Türkiye'de batılı anlamdaki ilk resim denemeleri yeni kurulan Mühendishane-i Berri-i Hümayun (Kara Mühendishanesi) ile Mekteb-i Harbiye (bugünkü Kara Harp Okulu) gibi mühendislik ve askeri okullarında gerçekleştirildi. Önce haritacılık, teknik resim gibi konularda başlayan eğitim kısa süre içinde serbest resmi de kapsadı, bu amaçla batıdan öğretmenler geldi. Türk öğrenciler de yetiştirilmek üzere batı ülkelerine, özellikle Fransa'ya gönderildi.

Yenilikçi padişahlar 19. yüzyılda da batılılaşma çalışmalarını destekliyordu. II. Mahmud kendi resmini yaptırarak devlet dairelerine astırmış, Abdülaziz de resimle uğraşmıştır. Genellikle asker kökenli olan ilk Türk ressamların yapıtları da bu yüzyıldan kalmadır. Resimlerindeki donuk, acemice hava nedeniyle "19. yüzyıl Türk primitifleri" diye de adlandırılan bu ressamlar bazen fotoğraftan yararlanarak saray ve köşk bahçelerinden ya da İstanbul'dan görünümler yapmışlardır. Bunlar arasında Hüseyin Giritli, Hilmi Kasımpaşalı, Süleyman Sami, Ahmed Bedri, Salih Molla Aşki, Osman Nuri Paşa, Ahmed Şekür, Selahattin Bey, Şefik Bey, Necip Bey, Münip Bey, Ahmed Ziya Şam, İbrahim Bey, Mustafa Bey, Şevki Bey gibi adlar vardır.

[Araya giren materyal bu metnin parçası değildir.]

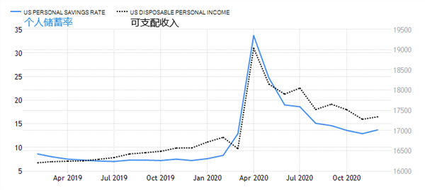 可以说目前虽然劳动力市场尚未完全复苏,但是民众如今的储蓄率和可支配收入都远高于疫情前的水平。财政刺激计划的再次实施将再次推动美股市场的上行。

Bu yüzyılın sonlarına doğru resim sanatı açısından en önemli gelişme bir devlet sanat okulunun kurulmasıdır. 1874'te ressam Guillemet tarafından İstanbul'da Resim Akademisi adlı bir özel okulun açılmış olduğu bilinmektedir. Bu okulun öğrencileri çalışmalarını 1876'da düzenledikleri bir sergiyle tanıtmışlardır. Ama Türkiye'de çağdaş resim dalında eğitim veren ilk kuruluş 1 Mart 1883'te açılan Sanayi-i Nefise Mektebi (daha sonra Güzel Sanatlar Akademisi, bugün Mimar Sinan Üniversitesi) oldu. Ressam ve müzeci Osman Hamdi Bey'in 1882'de müdürlüğüne getirildiği bu kuruluşun ilk yönetmeliğinde okulun "resim, oymacılık, mimarlık (fenn-i mimari) ve hakkâklık ile ilgili bilgi ve hünerlerin sanata tatbiki usulü"nün okutulup öğretileceği yazılıdır. Resim eğitiminin ağırlığı bundan sonra askeri okullardan bu okula kaymıştır.

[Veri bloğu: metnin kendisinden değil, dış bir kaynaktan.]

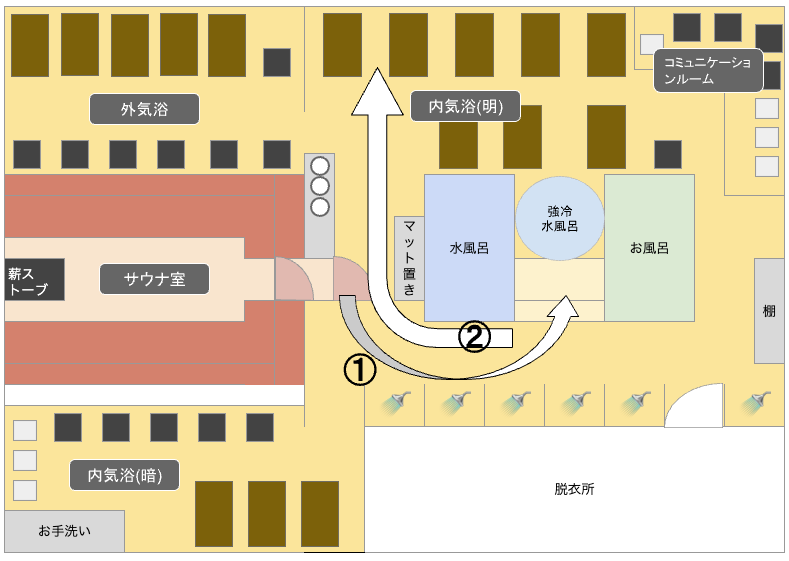 サウナ室→水風呂、水風呂→休憩スペースの動線は以下のとおりです。

Türk ressamlar 20. yüzyılda ilk kez bir örgüt çevresinde birleşmişlerdir. İlk Türk ressamlar derneği 1908'de kurulan Osmanlı Ressamlar Cemiyeti'dir. Derneğin adı 1921'de Türk Ressamlar Birliği'ne, 1926'da da Türk Sanayi-i Nefise Birliği'ne, 1929'da da Güzel Sanatlar Birliği'ne dönüştürülmüştür. Sanatçılar arasında belli bir dayanışma sağlayan, düşünce alışverişine olanak veren bu tür örgütler daha ileride belli akımların savunucusu olarak da ortaya çıkmıştır.

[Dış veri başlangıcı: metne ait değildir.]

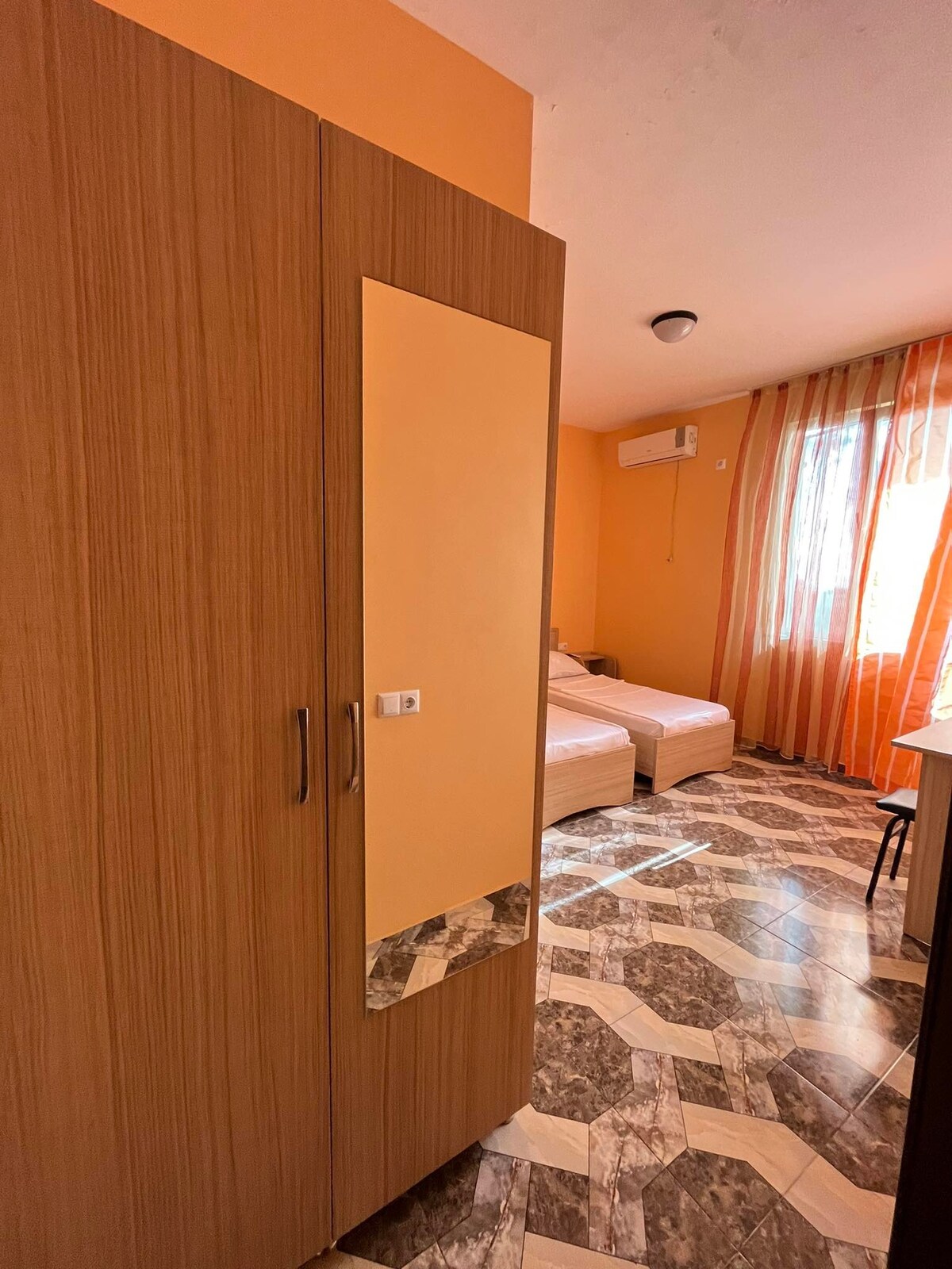 For this property one double bed, two single beds and if requested one baby bed is available. Option with all meals - additional $10 per adult per day (half price for kids below 7). Room is being just renovated. The place is 100m from the black magnetic sand beach, surrounded with pine trees. Safe, quiet, friendly environment, delicious and healthy food!

Cumhuriyetin kurulmasından sonra da resim alanındaki çalışmalar desteklendi. Sanayi-i Nefise Mektebi 1928'de Güzel Sanatlar Akademisi'ne dönüştürüldü. Batı ülkelerinden öğretmenlerin getirtilmesi, Türk öğrencilerinin Avrupa'ya gönderilmeleri bu dönemde de sürdü. Cumhuriyetin ilk yıllarında Güzel Sanatlar Akademisi'ni bitiren ressamlar arasında da Şeref Akdik, Refik Epikman, Mahmut Fehmi Cûda, Ali Avni Çelebi, Zeki Kocamemi, Turgut Zaim gibi sanatçılar bulunmaktadır. Öğretmen açığını gidermek için kurulan Gazi Eğitim Enstitüsü'nün (bugün Ankara'daki Gazi Üniversitesi) Resim-İş Bölümü yetiştirdiği çok sayıdaki sanatçıyla ikinci bir resim eğitimi kuruluşu görevi görmüştür. Günümüzde bazı üniversitelerin güzel sanatlar fakültelerinde resim eğitimi verilmektedir.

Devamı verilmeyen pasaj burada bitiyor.